What Radical Welcome Means

No Belief Required

01

No Belief Required

You do not have to believe in God to belong here. Doubt is as welcome as faith. The only prerequisite is that you are a human being.

02

No History Disqualifies

We are not interested in what you have done or not done. You are more than what has happened to you, and more than what you have done.

03

No Performance Expected

You do not have to be well, put-together, or at peace. You may arrive grieving, angry, or numb — and find a space that can hold it all.

04

No Single Path Enforced

Follow what feeds you. The Gospel, the Dharma, or neither — all are honored. The community holds the container, not the prescription.

05

The Table Is Always Set

The shared meal is central.
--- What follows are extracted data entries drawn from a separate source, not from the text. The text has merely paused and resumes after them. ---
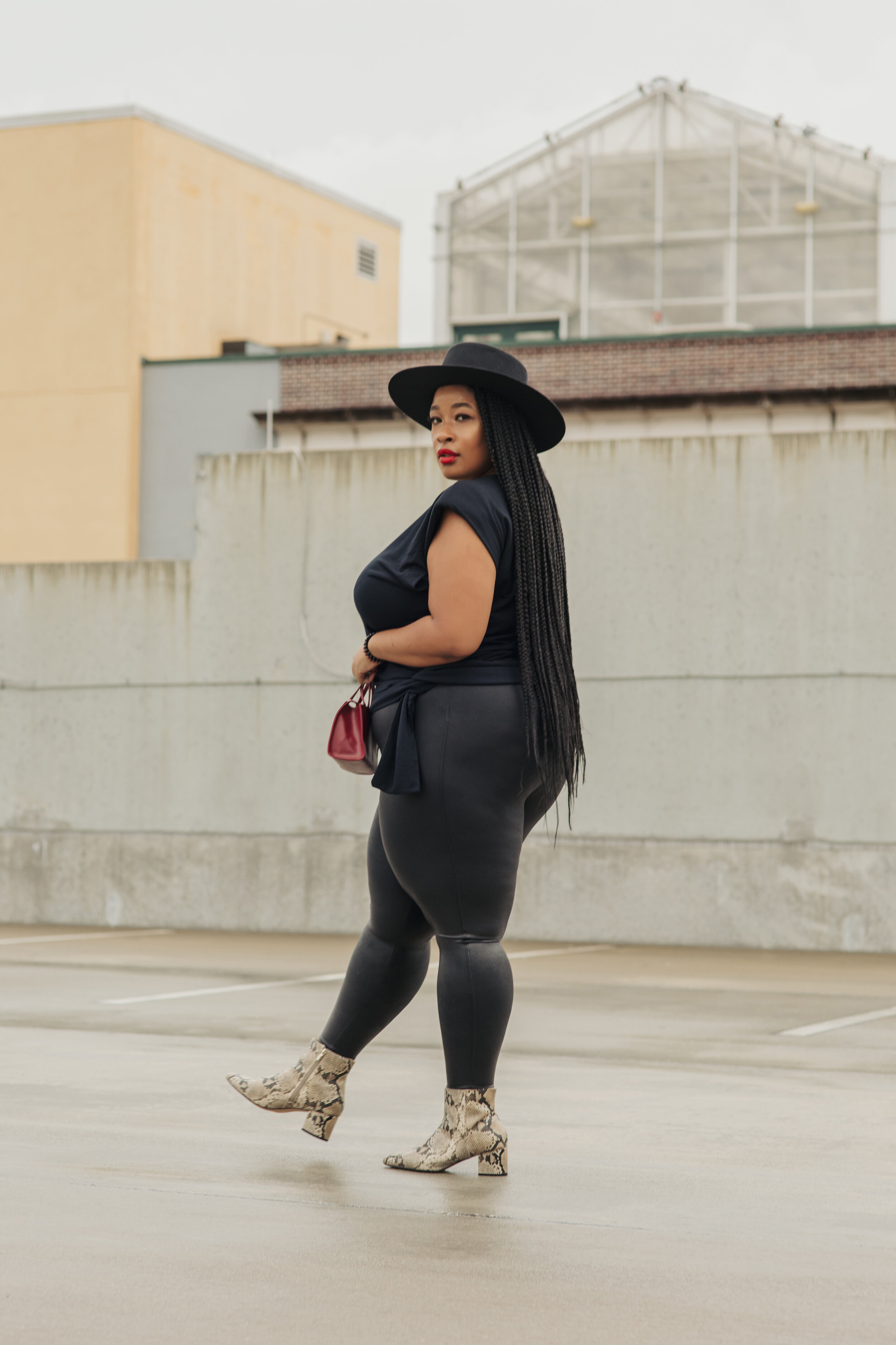 I also got the opportunity to try the faux leather pants and fell in love. I have a love-hate relationship with faux leather pants. Sometimes they’re too tight, or the fabric quality can be off and unforgiving. Nothing is worse than my cellulite showing through the fabric. Again, Spanx has super magical powers because these pants are perfect. You feel supported yet comfortable. They look good!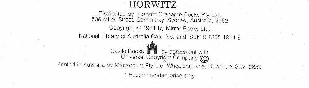 Horwitz. Distributed by Horwitz Grahame Books Pty Ltd. 506 Miller Street, Cammeray, Sydney, Australia, 2062. Coppyright © 1984 by Mirror Books Ltd. National Library of Australia Card No. and ISBN 0 7255 1814 6. Castle Books by agreement with Universal Copyright Company ©. Printed in Australia by Masterprint Pty Ltd Wheelers Lane, Dubbo, N.S.W. 2830.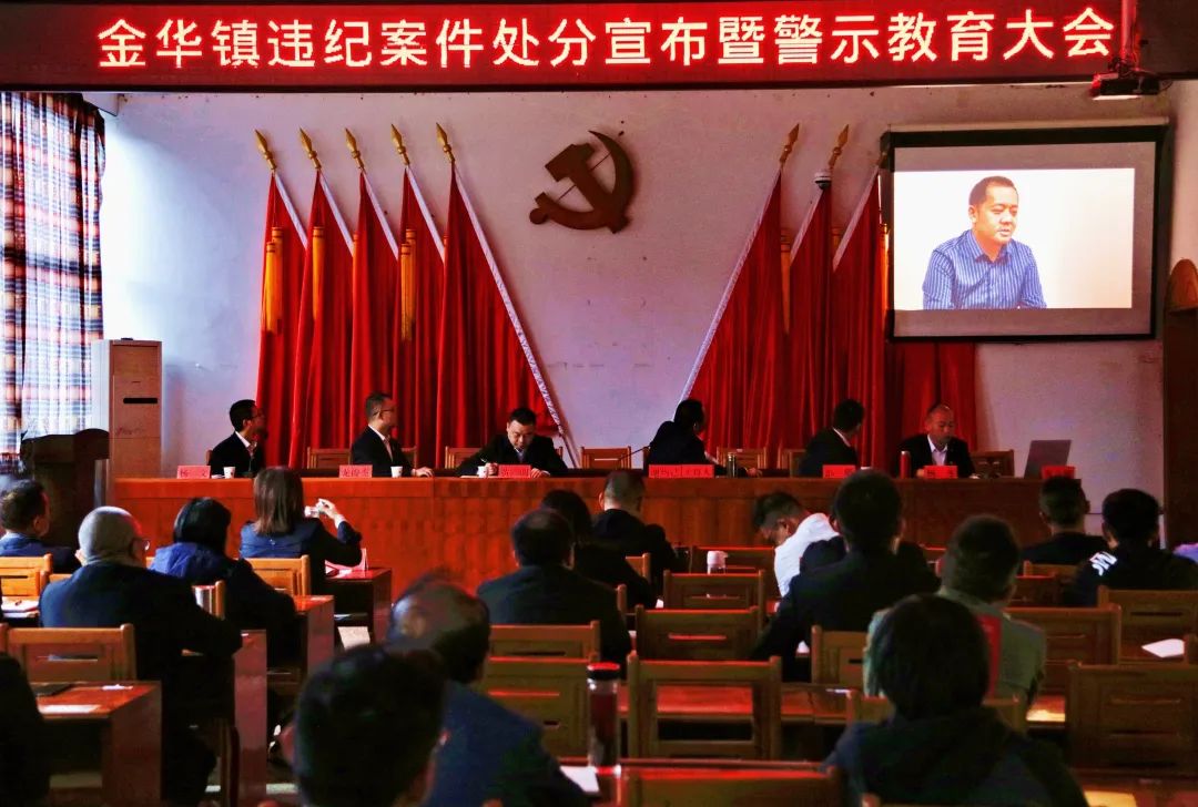 警示教育会现场,金华镇8名领导班子成员和8名干部代表依次上台,对照宋某违纪案谈认识。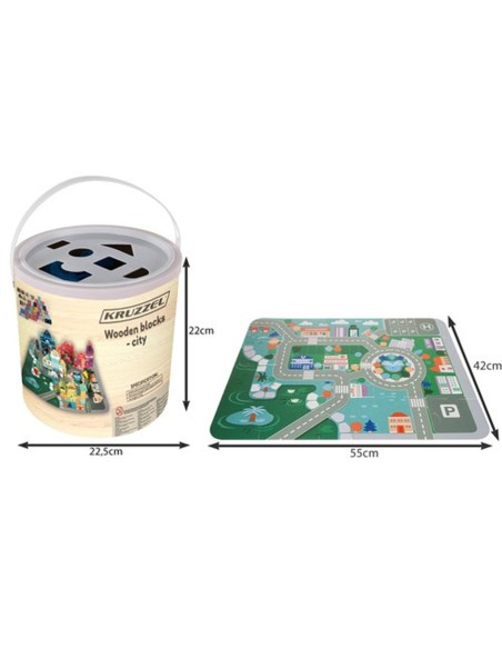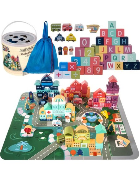 Mediniai miesto kvartalai su rūšiuokliu, dėlionėmis ir krepšeliu - tai puikus žaislas, kuris ne tik suteiks vaikui daug džiaugsmo ir pramogų, bet ir padės lavinti jo vaizduotę, motorikos įgūdžius, koordinaciją ir loginį mąstymą.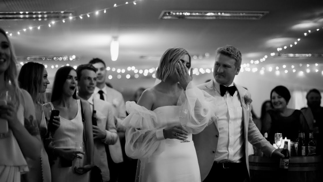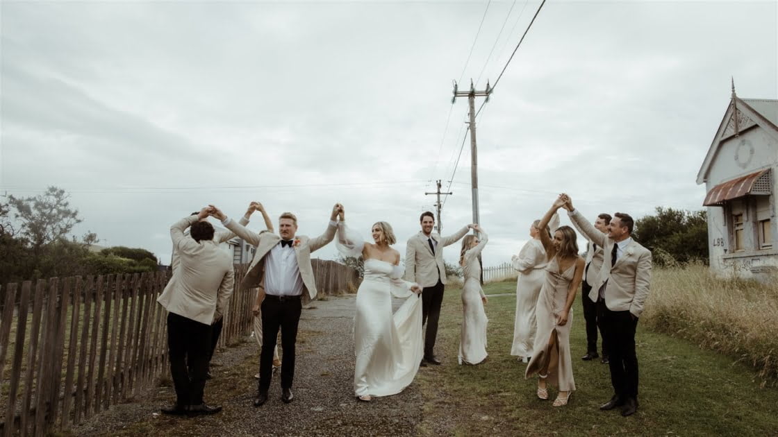 Photographer Flossy Photo Cinematographer Wild Feathers Creative Florist Everbloome (bouquets) Stationery The Printable Shop (invites, details cards) Ceremony MyPlace Accommodation Reception Albany Surf Club Catering Runes Catering Desserts Flo and Co Baked Goods Cake Topper Riverdale Farm (flowers) Wedding favours Lolly Warehouse (self-serve lolly station) Hire Items Albany Event Hire (ceremony seating & champagne glasses) Lighting Hire Ganzer Electrical Sound Hire Rob V Signage Neon Jungle, Bridge & Co Designs Entertainment Rob V Celebrant Sarah Thompson Rings Mark Blyth Fine Jewellery Transport Albany Limousines and Charters THE BRIDE Gown & Veil Christie Nicole Bridal Robes Jasmine and Will Shoes SpendLess Shoes Earrings & bracelet Molten Store Makeup The Temple Boutique Spa Bridesmaid dresses Shona Joy, ASOS, Bec & Bridge Bridesmaid shoes Alias Mae, Sabo Skirt, SpendLess Shoes Bridesmaid gifts Vorfreude Stationery, Jasmine and Will, Go-To via Mecca, Sweet Little Scent THE GROOM Jacket Joe Black via David Jones Shirt & Pants The Hub on York Shoes Mainstreet Shoes and Bags Groomsmen suits Joe Black, The Hub on York

Eating together is how we make community, express solidarity, and enact the conviction that everyone's hunger matters.

06

Differences Are Gifts

Our diversity is not a problem to be managed but a curriculum to be learned from. We become whole not despite our differences but through them.

The Gathering Rhythm

Practices That Form Community

Sunday Morning

The Common Gathering

Meditation, reading from the Gospel or the Dharma, reflection, and shared prayer — open to all, belonging to all.

Tuesday Evening

Contemplative Sit

Thirty minutes of silent sitting, guided for beginners. No experience required. The cushion is waiting.

Thursday Midday

The Common Table

A shared meal, prepared and eaten together. No agenda — just food, conversation, and presence.

First Saturday

Deep Study

A monthly day of deeper engagement with a text, a practice, or a question. Gospel and Dharma explored together.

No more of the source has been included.